In Python3, the standard string representation of sets always uses the {…} notation, except for the empty set which uses set().

Calling the constructor is slower because, to evaluate it, Python has to look up the set name to fetch the constructor, then build a list, and ginally pass it to the constructor.

中缀操作符要求两边都是 set, 函数只要 iterable 就行。

dict and set Under the Hood

Key ordering depends on insertion order.

dict([(key1,value1), (key2, value2)]) == dict([(key2, value2),(key1,value1)]), but their key ordering may not be the same if the hashes of key1 and key2 collide.

Adding items to a dict may change the oder of existing keys

When you add a new item to a dict, the Python interpreter may decide that the hash table of that dict needs to grow. This entails building a new, bigger hash table, and adding all current items to the new one. During this process, new (but different) hash collisions may happen, with the result that the kays are likely to ordered differently. And you can’t predict when it will happen.
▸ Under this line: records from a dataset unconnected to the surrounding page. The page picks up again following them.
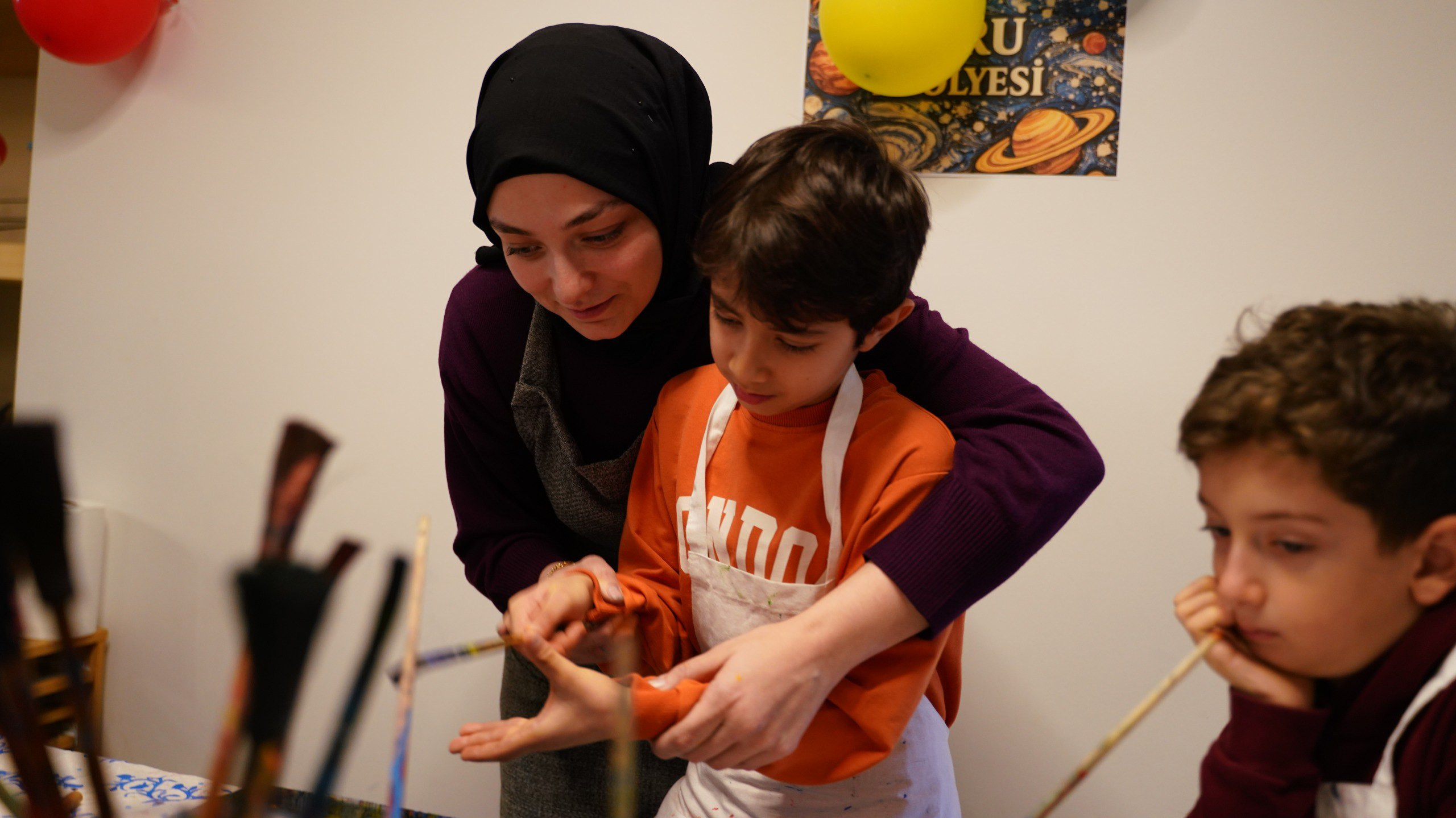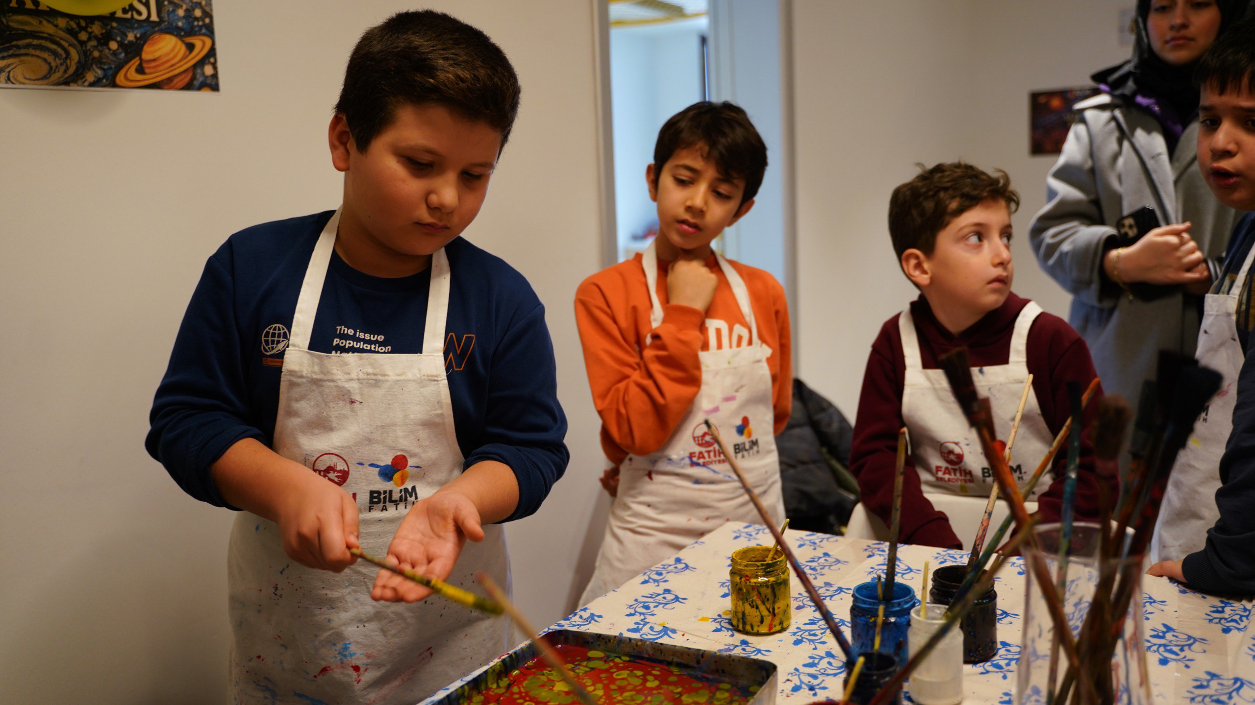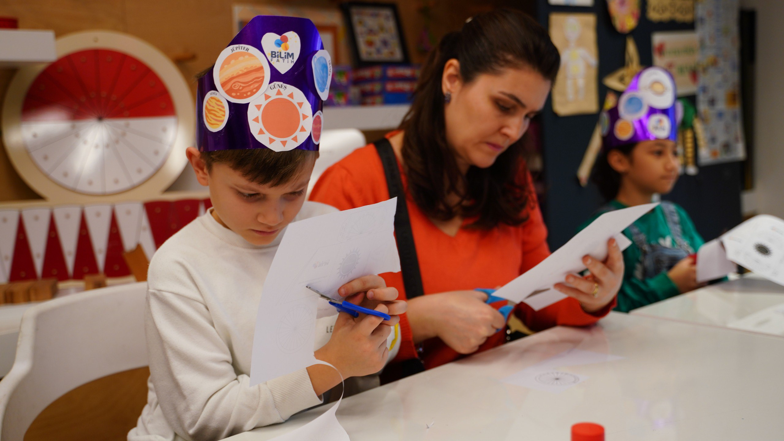 Etkinlik kapsamında gerçekleştirilen ebru çalışmalarıyla galaksi temalı sanatsal üretimler yapıldı. Bilim ve sanatın bir araya geldiği bu uygulamalar, çocukların hayal gücünü desteklerken üretim odaklı düşünmelerini teşvik etti. Galaksi tacı ve güneş saati etkinlikleriyle zaman, ışık ve gökyüzü hareketleri gibi temel astronomi başlıkları eğlenceli ve anlaşılır bir şekilde ele alındı.
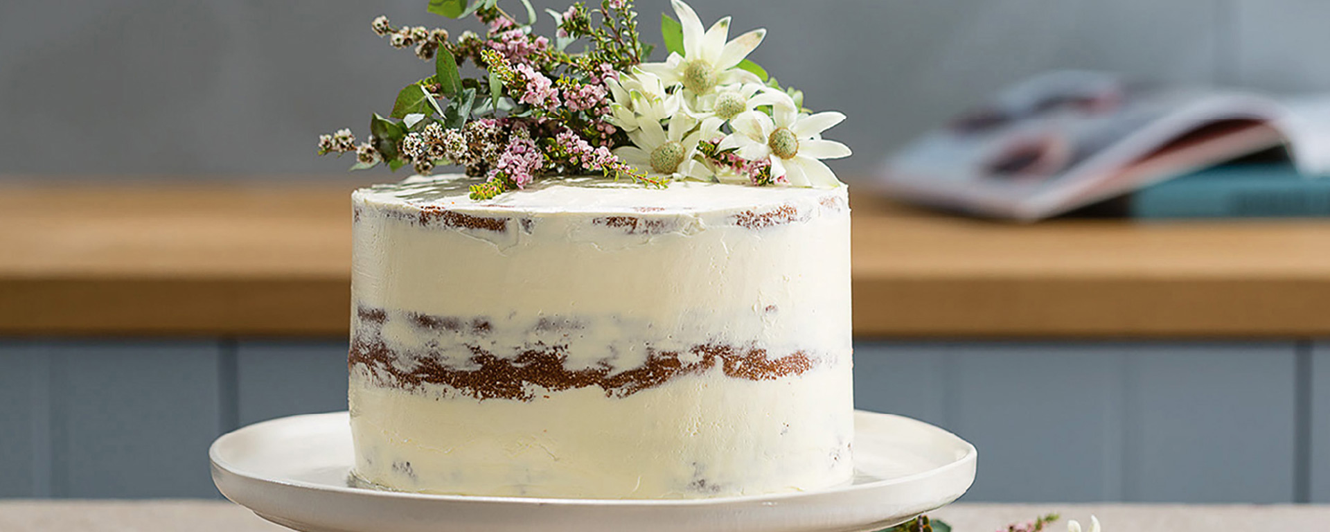 Think outside the box this Mother’s Day and instead of giving mum a bunch of flowers, why not arrange a gorgeous bouquet of native blooms on top of a homemade cake? Currently trending on social media, naked cakes decorated with breathtaking florals is all the rage and this recipe makes it easy to replicate the effect at home.
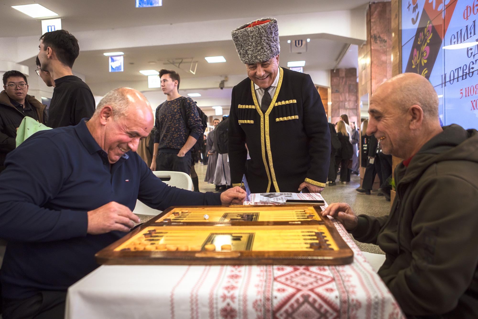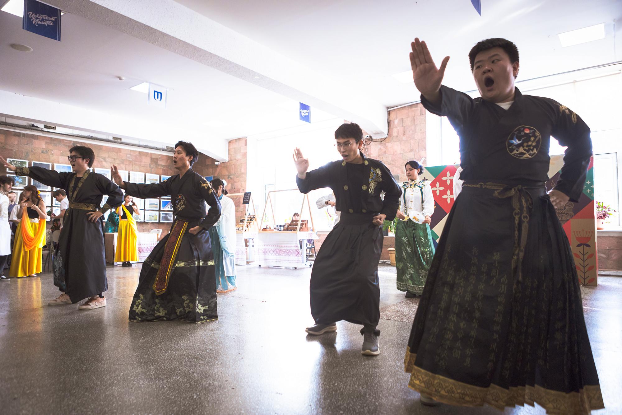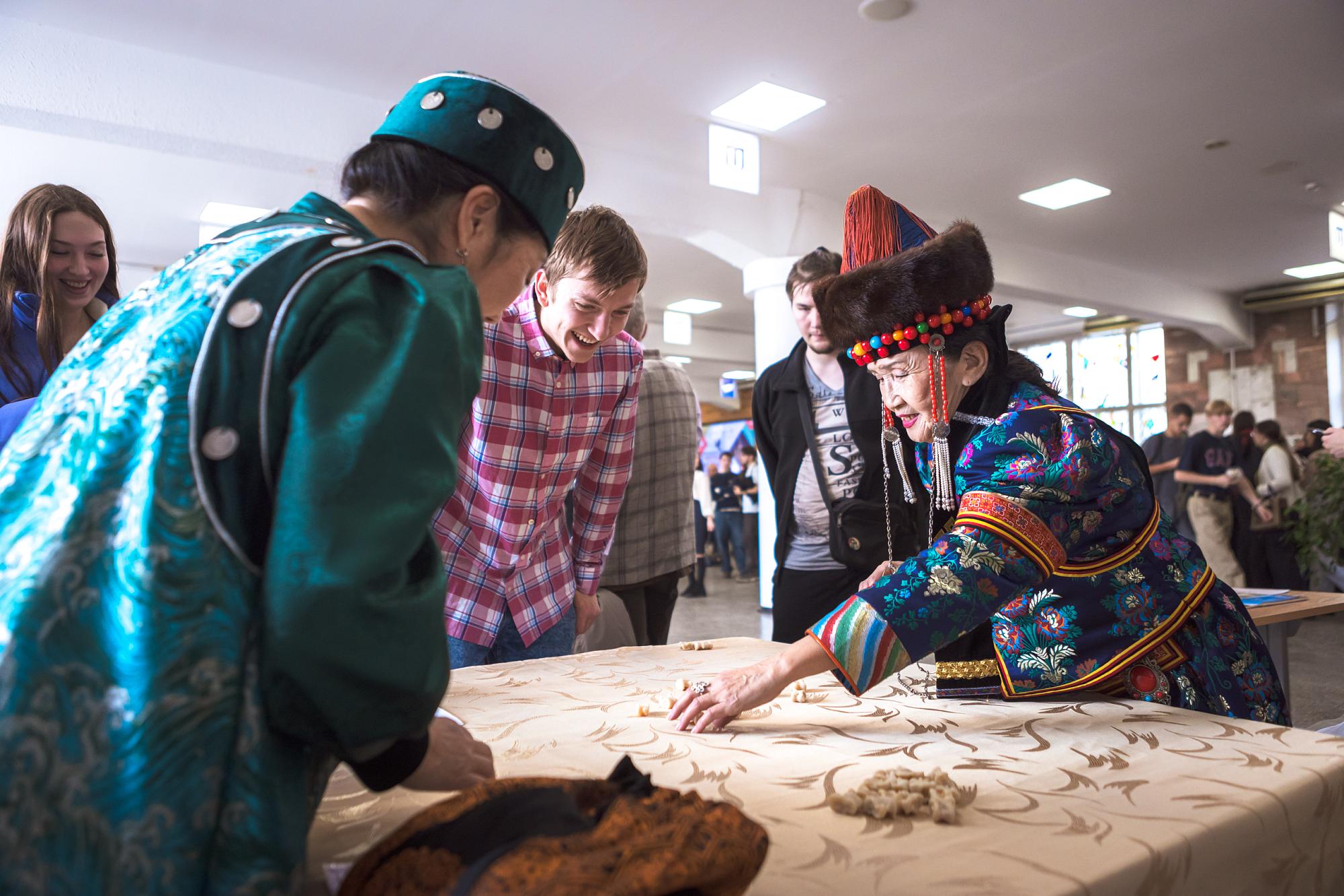 Particular interest was drawn to the Center of Buryat Culture zone, wh ere students could learn about the traditional Buryat and Mongolian dice game “Shagai Naadan”. The bones, in certain positions, symbolize five types of animals (sheep, goat, cow, horse, and camel). The game required dexterity and strategic thinking to collect the most bones.

This is why modifying the contents of a dict while iterating through it is a bad idea. If you need to scan and add ites to a dict, do in two steps:

  1. read the dict from start to end and collect the needed additions in a second dict
  2. updata the first one with it.

In Python3, the .keys(), .items(), .values()return views, which behave like set and are dynamic: they do not replicate the contents of dict, and they immediately reflect any changes to the dict.

Text versus Bytes

Character Issues

The Unicode standard explicitly seperates the identity of characters from specific byte representation:

  • The identity of charater – its code points – is a number from 0 to 1114111 (U+10FFFF), shown in Unicode standard as 4 to 6 hexadecimal digits with a “U+” prefix.
  • The actual vytes that represent a character depends on the encoding in use. An encoding is an algorithm that converts code point to byte sequences and vice versa. The code point for A (U+0041) is encoded as the single byte \x41 in the UTF-8 encoding, or as the bytes \x41\x00 in UTF-16LE encoding. As another example, the Euro sign (U+20AC) becomes three bytes in UTF-8 (\xe2\x82\xac) but in UTF-16LE it is encoded as two bytes: \xac\x20.

Byte Essentials

There are two basic built-in types for binary sequences: the immutable bytes type introduced in Python3 and the mutable bytearray added in Python2.6.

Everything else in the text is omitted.